▶ _WORK ITEM_:
Can you write out every line from the start of the records below through the line containing "1074 Carlyle Ter, Highland Park", leaving out any pictures?

(Records from a collection)
· · · · · · ·
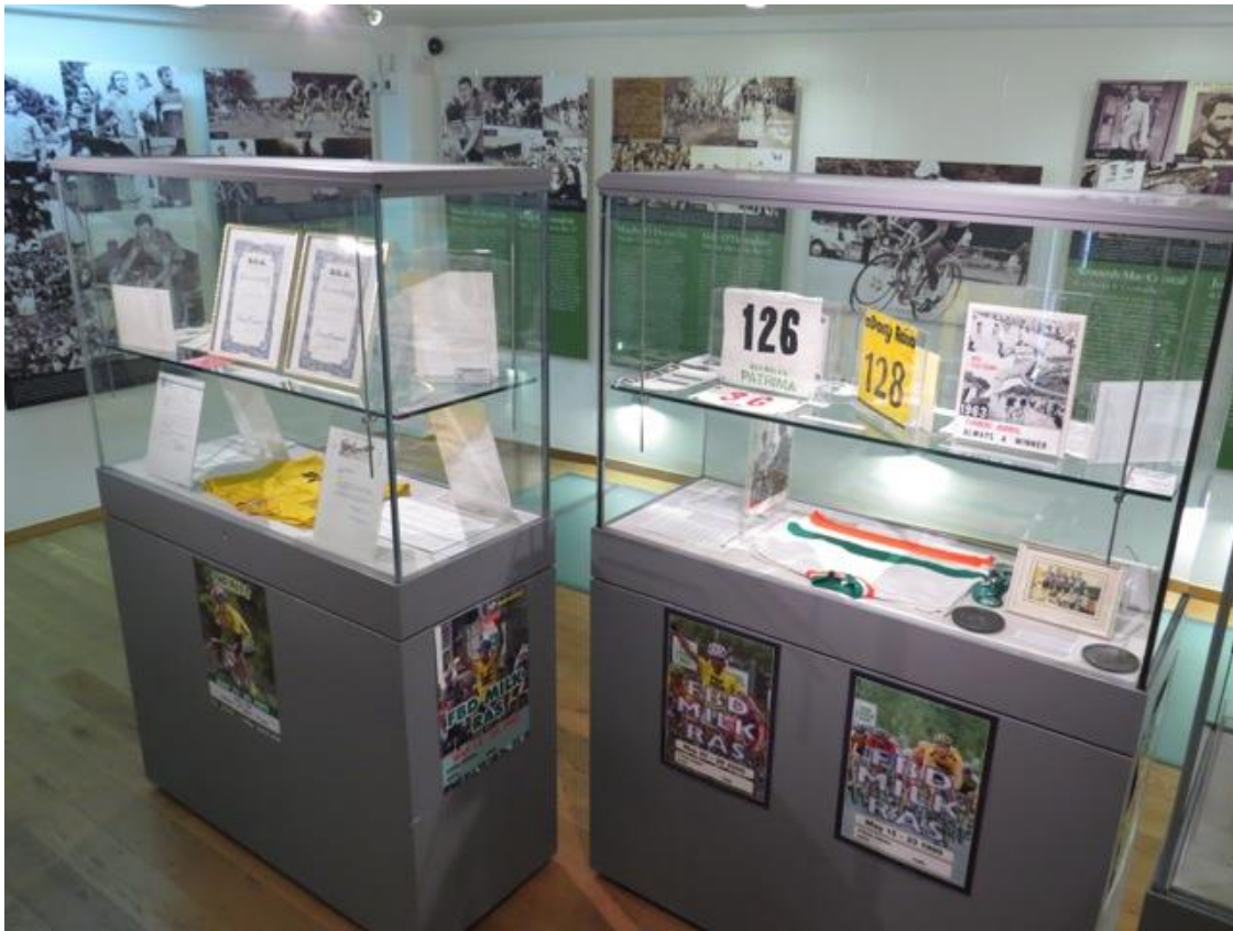
Amharc ar an taispeántas - 'Maidhc, Curadh Rás '73'.
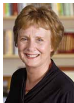
Professor Suzanne Cory AC PresAA FRS President Australian Academy of Science

The Academy is very appreciative of the contributions made to this report by the members of the Expert Group. The Academy also thanks the Defence Science and Technology Organisation for providing financial support to prepare this document.
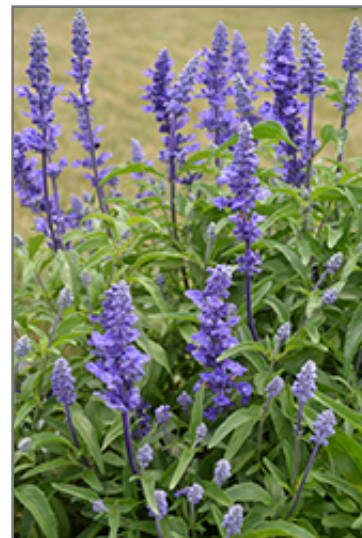
Victoria Blue Salvia flowers

Victoria Blue Salvia is recommended for the following landscape applications;
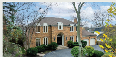
1074 Carlyle Ter, Highland Park
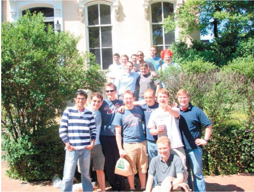
Seniors from the Class of 2007 gathered at the House for one last barbecue in May. The Class of 2007 established a DPE Senior Class Gift fund prior to graduation, and used funds raised to donate a new barbecue grill to the undergraduate brothers of Alpha Chapter
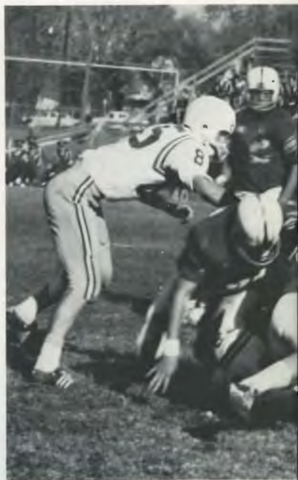
Our students take part in one of the most strenuous of sports — football.
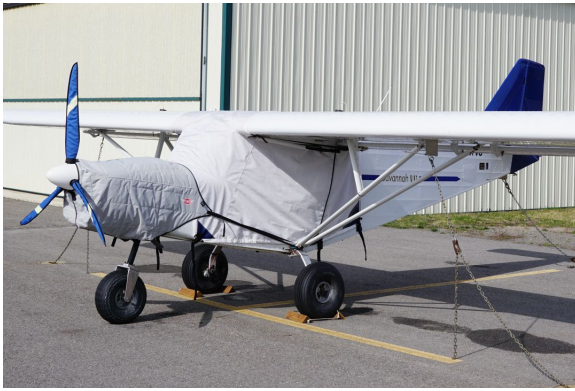
Savannah VG Canopy Cover, Insulated Engine Cover
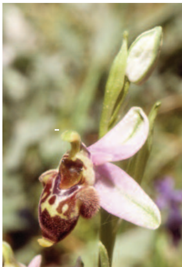
Ophrys dodekanensis

The last day we went up to the far north of the island and by the roadside found a very apple green Op. bucephala with some very leafy Serapias bergonii , before climbing up the slopes of Mount Pelineon mainly to see the early Op. dodekanensis . This was recently described from Rhodes and we found it in a meadow with thousands of O. anatolica . On the way we saw several species including
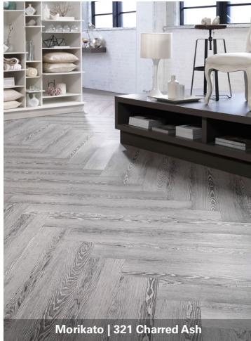
Morikato | 321 Charred Ash

Access the world through Mohawk Group's premier collection of commercial luxury vinyl tile: Global Entry. Antiek and Morikato travel the globe to bring hardwood species from across the planet in contemporary colors and realistic wood textures. The commercial grade wear layer and M-Force™ Enhanced Urethane ensure these timeless LVT products perform through the life of the installation.
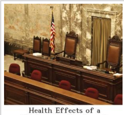
Health Effects of a Wastewater Treatment System
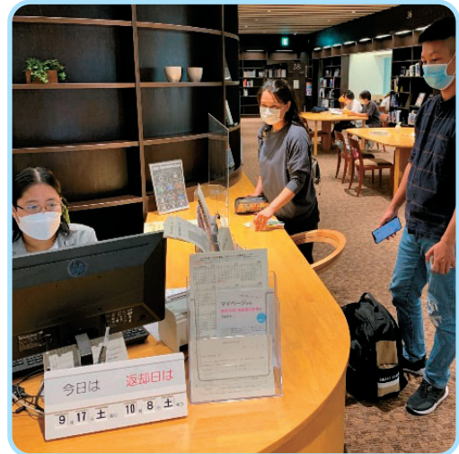
▲ As part of NAKAMA 2 we made library cards.

Application Please come to the Komaki International Association (KIA) with the fee.
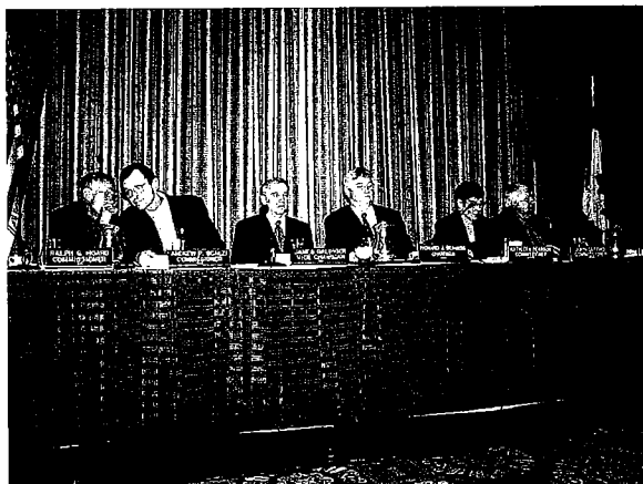
2000 Annual Meeting.

Pacific Rim countries: China, Korea, Russia, Canada, U.S., and Japan. PICES conducts environmental research in the Pacific. This agreement formalizes the cooperative relationship between the two agencies, providing for continuity in research and the possibility for pooling some of the IPHC's scientific efforts with other, larger organizations.
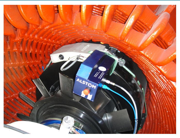
Figure 2 DIRIS Small air gap robot deployed on a 60 MW generator of European manufacturing origin.
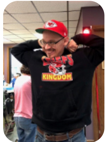
Blake's in the kingdom!
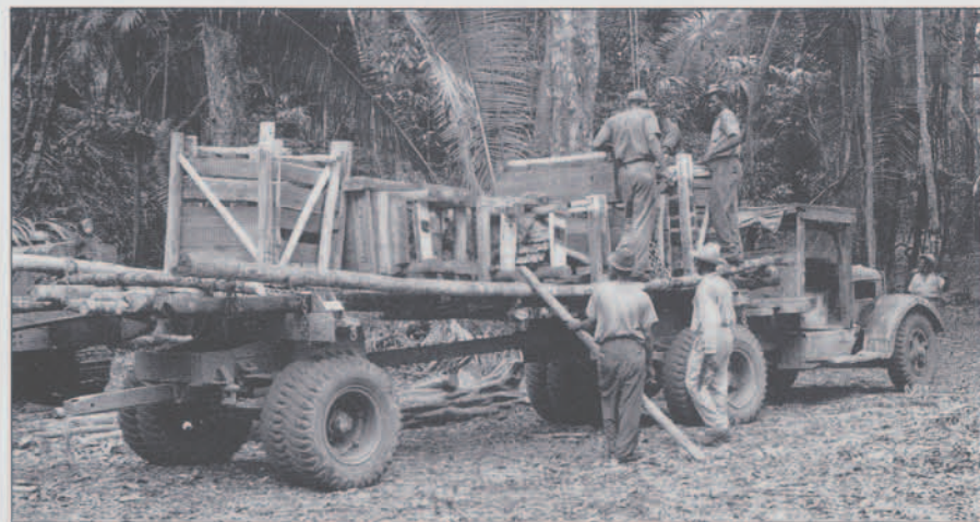
Figure 5. Logging trucks operated by a local mahogany contractor carried the monuments, secure in their custom-made boxes and "pressure-crates," out of the jungle to loading docks in Belize City. United Fruit Company shipped them on to New Orleans whence they were transferred for their final journey by rail to Philadelphia.
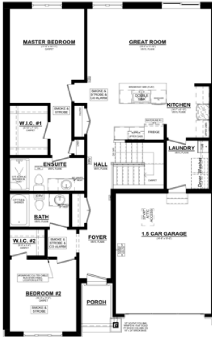
SUTHERLAND A UNIT #1 MAIN FLOOR PLAN 1300 SQ. FT. 8' CEILINGS ON MAIN FLOOR
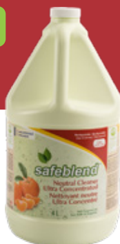
Tangerine oil NUTOG04 – 4 x 4 L
· · · · · · ·
▶ _ANSWER TO THIS TASK_:
Amharc ar an taispeántas - 'Maidhc, Curadh Rás '73'.
Professor Suzanne Cory AC PresAA FRS President Australian Academy of Science

The Academy is very appreciative of the contributions made to this report by the members of the Expert Group. The Academy also thanks the Defence Science and Technology Organisation for providing financial support to prepare this document.
Victoria Blue Salvia flowers

Victoria Blue Salvia is recommended for the following landscape applications;
1074 Carlyle Ter, Highland Park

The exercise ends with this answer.